Revolutionary Guards test fire homemade radar-evading missile

Iran's Revolutionary Guards on Friday successfully test fired a homemade missile which can evade radar, state television reported.

"Iran successfully test fired a homemade Fajr-3 missile," Hossein Salami, a senior Revolutionary Guards commander, said on state television.

The missile was tested as part of a week of naval wargames that started on Friday and were due to take place in the Gulf and Sea of Oman.

Previous models of the Fajr range of missiles have been described as a land-based weapons system for use against ships.

"This missile, with the capacity of evading radar, can attack several targets simultaneously," he said, adding the missile was newly developed.

State media described the missile as one of a "new generation." Iran has previously said it had successfully tested missiles carrying the Fajr (Dawn) name.

The range of the new missile was not immediately clear but Salami said it had greater tactical and technical capabilities, state television reported. It also said the missile could not be hit by anti-missile rockets.

Earlier, naval officials had said the wargames would start by firing a Shahab-2 surface-to-surface missile, which experts say has a range of about 700 kilometres.

Naval Admiral Morteza Saffari earlier said the wargames would involve more than 17,000 troops and 500 large and small naval vessels, according to the official IRNA news agency.

The naval wargames were aimed "to display the Islamic system's defensive capabilities," IRNA said.

Diplomats in Europe said this month that Iran, which is currently involved in a nuclear standoff with the West, was stepping up development of missiles capable of carrying atomic warheads.

However, Iran says its nuclear plans are purely for peaceful purposes.

Meanwhile, Iranian Foreign Minister Manouchehr Mottaki said on Friday that Teheran would not use oil as a weapon in the row over its nuclear issue.

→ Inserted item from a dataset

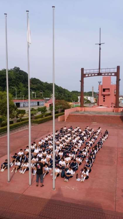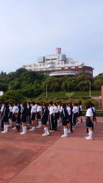 体操が終わり、今日の諸注意を受けています。

"We're not going to use energy as a political leverage," Mottaki told reporters in Geneva, where he is on a two-day stay.

The five permanent members of the UN Security Council told Iran on Thursday it must heed a UN call to curb its nuclear programme or face isolation.

Britain said Iran could eventually face UN sanctions if it failed to suspend uranium enrichment, which can produce fuel for nuclear power stations or atomic bombs.

He reiterated that Iran would not give up its right to develop nuclear power for civilian use and said his country remained open to negotiations on how this could be done.